Como se sabe, em anos de eleições, propostas de leis visando o endurecimento penal começam a surgir como promessa de solução para os mais diversos tipos de embaraços humanos, geralmente tomando grandes proporções.

Exemplos recentes se dão com a aprovação pelo Senado Federal do texto-base do Projeto de Lei 2.253/2022, que extingue as saídas temporárias dos presos que cumprem as penas em regime semiaberto e, até mesmo, a proposição o Projeto de Lei 1904/2024, o qual, busca equiparar o aborto realizado após a 22ª semana de gestação ao crime de homicídio.
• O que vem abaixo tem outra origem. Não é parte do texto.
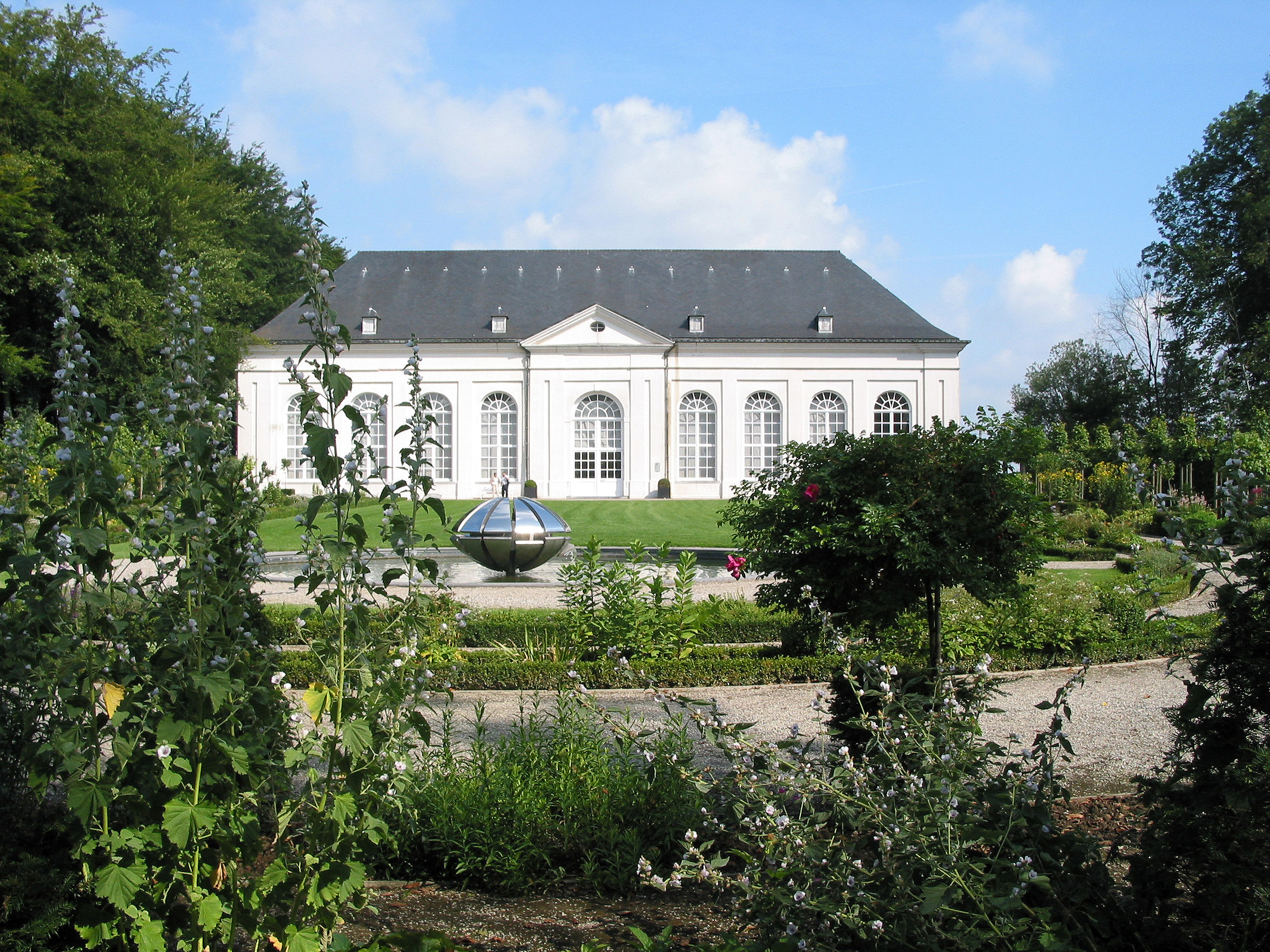 Seneffe (Belgium), castle garden - the orangery (architect: Louis Montoyer - 1782), the basin fountain and the flowers garden.
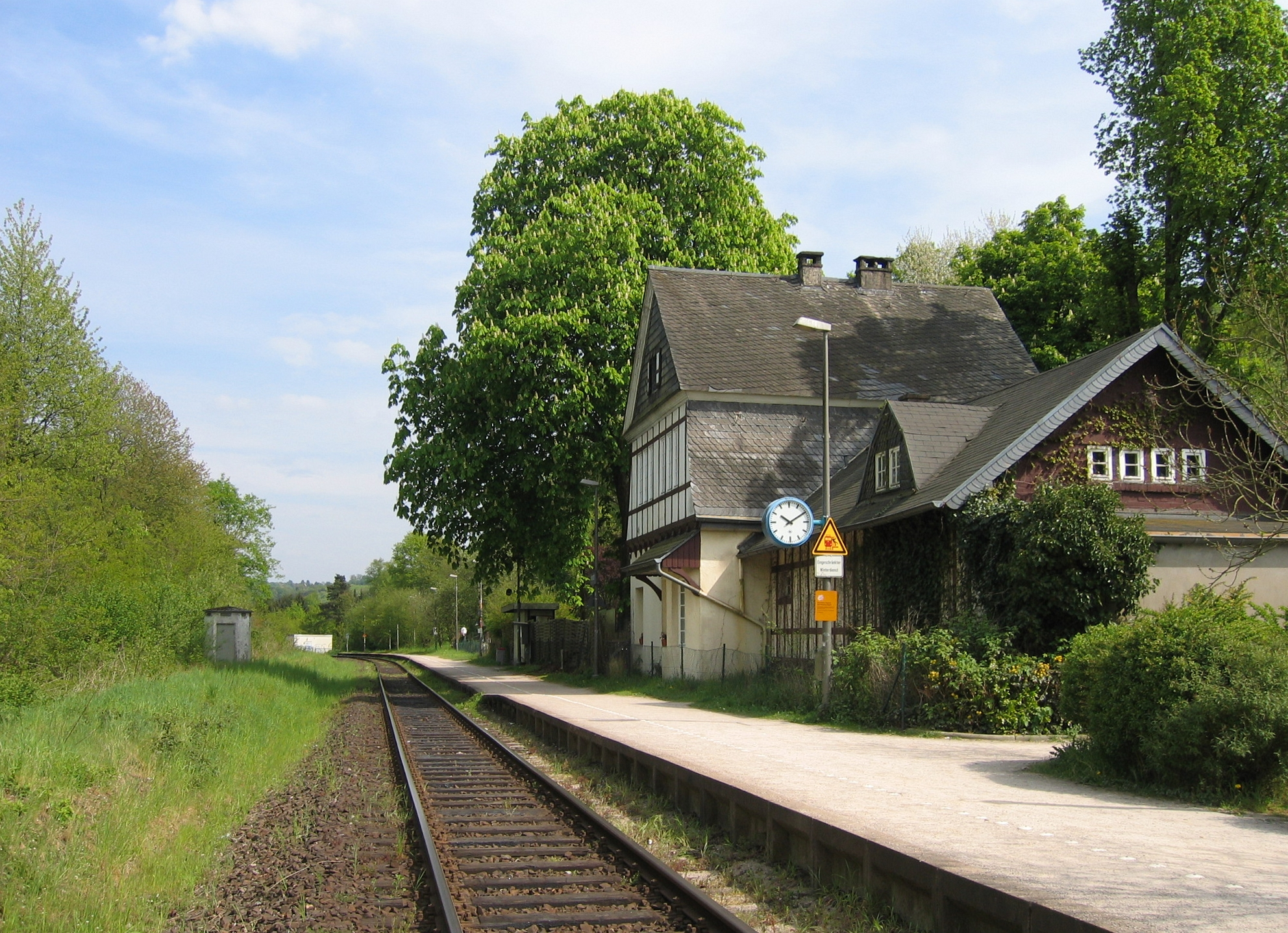 Bahnhof Honrath (Lohmar)

A intenção deste artigo não é esmiuçar as desastrosas consequências de uma política de endurecimento penal que protagoniza o encarceramento como meio de angariar votos, mas tentar decifrar suas origens e a causa de seu grande sucesso e, quem sabe, gerar dúvidas em alguns de seus adeptos.

Em uma contextualização histórica que comprova que o sistema de justiça é um espelho da sociedade em que atua, Carvalho (2010) identifica que a atual justiça criminal brasileira é o reflexo do pensamento inquisitório, institucionalizado e consolidado desde a colonização europeia, a qual trouxe ao país um sistema de gestão pública como um modelo idealizado, ou seja, completamente distinto da realidade brasileira.

Nesse sentido, tendo o encarceramento como meio de restrição de liberdade, algo extremamente invasivo, foi necessária uma forma de naturalização deste meio de controle social, conforme elucida Davis (2019):

Um poder dominante pode se legitimar promovendo crenças e valores compatíveis consigo próprio; naturalizando e universalizando tais crenças de modo a torná-las óbvias e aparentemente inevitáveis; denegrindo ideias que possam desafiá-lo; excluindo formas rivais de pensamento, mediante talvez alguma lógica não declarada mas sistemática; e obscurecendo a realidade social de modo a favorecê-lo. Tal “mistificação”, como é comumente conhecida, com frequência assume a forma de camuflagem ou repressão dos conflitos sociais, da qual se origina o conceito de ideologia como uma resolução imaginária de contradições reais. (DAVIS, 2019, p. 22).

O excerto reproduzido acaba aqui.